The system further provides information on whether all products have been completely traced back, e.g. to a specific business type such as primary producers, and for which stations delivery information is still missing.

Visualization

A major application of FoodChain-Lab is the analysis and visualization of food tracing information. This is accomplished by the construction and visualization of interactive food chain network graphs. A network graph in general consists of nodes and edges, where edges always connect two nodes. When applied in the field of food tracing, a network graph comprises of edges representing food product transportation events and nodes representing stations. This feature is realized in a KNIME node called “Tracing View”.

To visualize the network graph in an aesthetically pleasing way and allow the user to immediately identify supply chain contexts, the Java Universal Network/Graph Framework (JUNG) [12] with its force-directed graph drawing algorithms was integrated. The Fruchterman-Reingold algorithm [13] has proved to be useful in most outbreak scenarios.

Stations and deliveries can be assigned individual colors and shapes based on their properties, as detailed in the documentation.

In addition to network graphs a geographical map view of the data is provided (Fig 2). The geographical view is based on shapefiles [14] or on maps from OpenStreetMap [15]. If geographical information, i.e. latitude and longitude data, is not present the system is able to generate it from address information associated with stations. This is done by using a geocoding service, e.g. MapQuest [16] or the open-source project Gisgraphy which allows in-house geocoding of confidential data [17].

Download:

Fig 2. Simple basic visualization combining network and geographical view.

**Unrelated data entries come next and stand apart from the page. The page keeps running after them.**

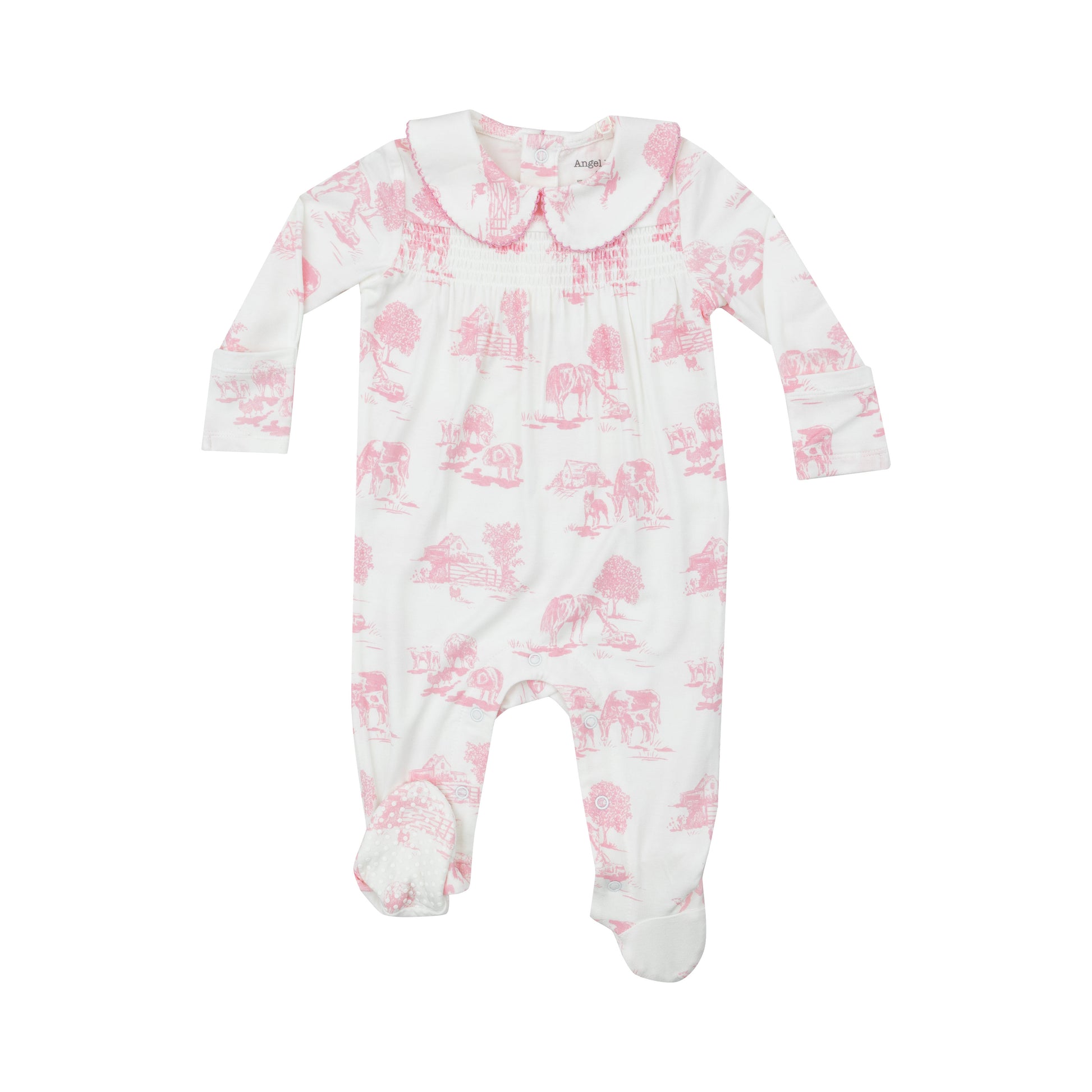 Angel Dear Farm Toile Pink Smocked Zipper Footie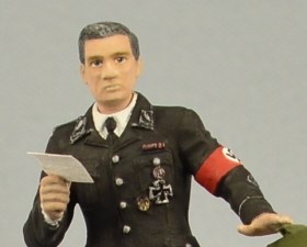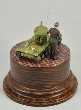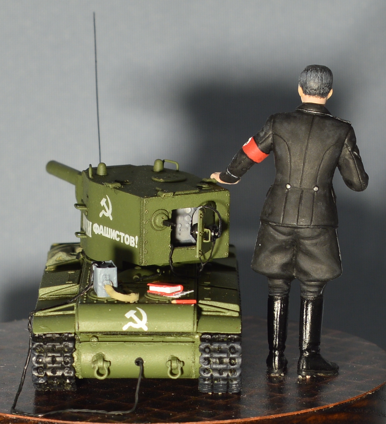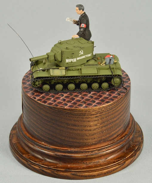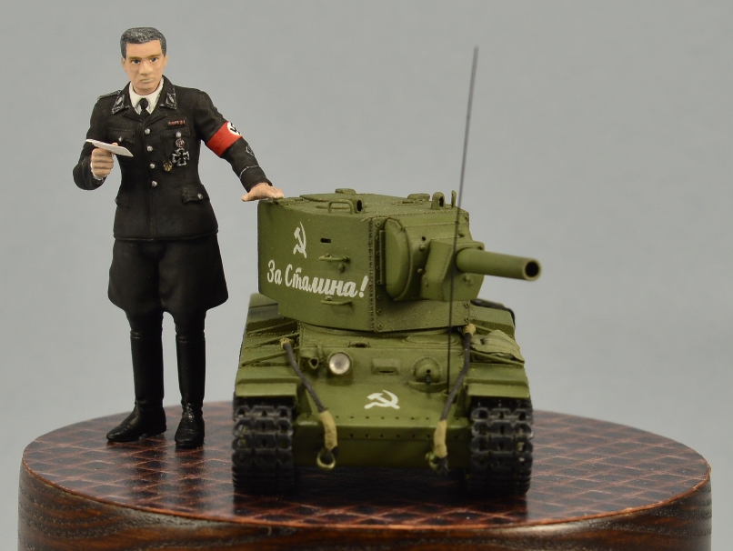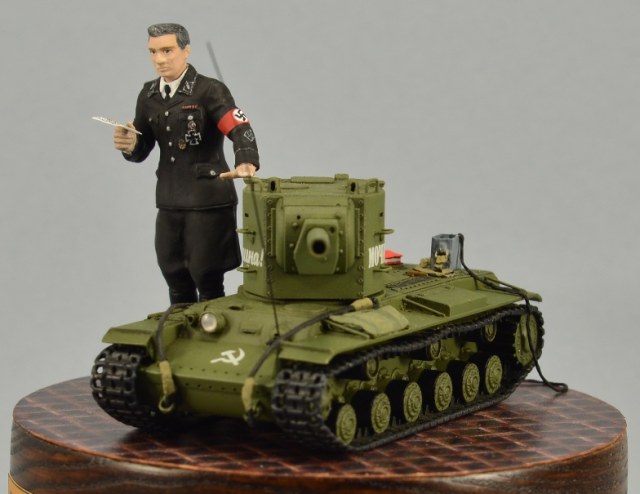 Дяденька, стоящий возле модельки танчика, по задумке автора, должен изображать из себя Штирлица. При сборке этого персонажа использовались различные части фигурок ICM и Master Box в масштабе 1/35. Покраска производилась ПВА темперой.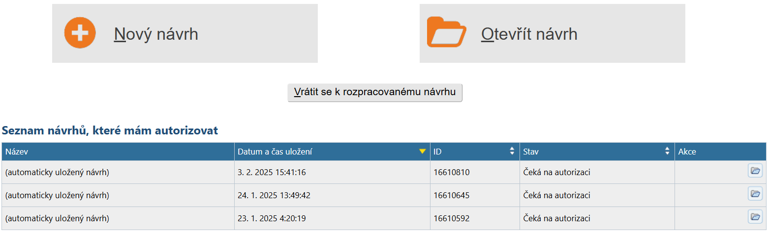 Ve spodní části se uživateli, který je přihlášen pomocí Identity občana, zobrazuje tabulka se seznamem návrhů, které čekají na autorizaci právě přihlášeným uživatelem. Kliknutím na ikonu v pravé části tabulky lze návrh otevřít a autorizaci provést. Pokud žádný návrh na autorizaci uživatelem nečeká, nebo je uživatel přihlášen jako uživatel Dálkového přístupu do KN, tabulka se nezobrazuje.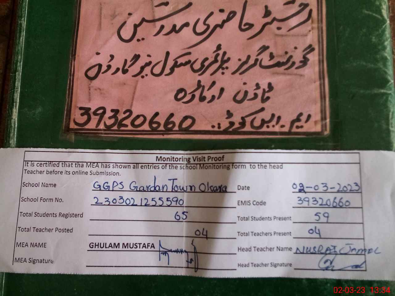 | Attendance Register | Head Teacher | MEA with School | Visit Proof |

Interactive trade network visualization: network graph (left) and GIS map view based on shapefiles (right). Stations on the left and on the right are identical and always synchronized, i.e. the blue stations are identical. In contrast to the GIS view, the graph view automatically groups stations that are connected via deliveries to demonstrate relationships between stations. This figure can be reproduced by using the available sample data.

https://doi.org/10.1371/journal.pone.0151977.g002

All visualizations are interactive, adapting immediately to any change in configuration or simulation results. All data, calculation results and visualizations can be exported as data tables or images for use in other KNIME nodes (e.g. data views, data manipulation, statistics and reporting), other tools or in reports. All data analysis steps and workflows can be saved including all intermediate calculation results and shared with other investigators.

Analysis features

Observing traces.

This feature allows for analysis of the whole forward and backward trace of a user-defined set of stations/deliveries. For example, the user can interactively select an implicated station to show all stations/deliveries on its forward and backward trace (Fig 3).

Download:

Fig 3. Interactive visualization of the complete trace of an observed station.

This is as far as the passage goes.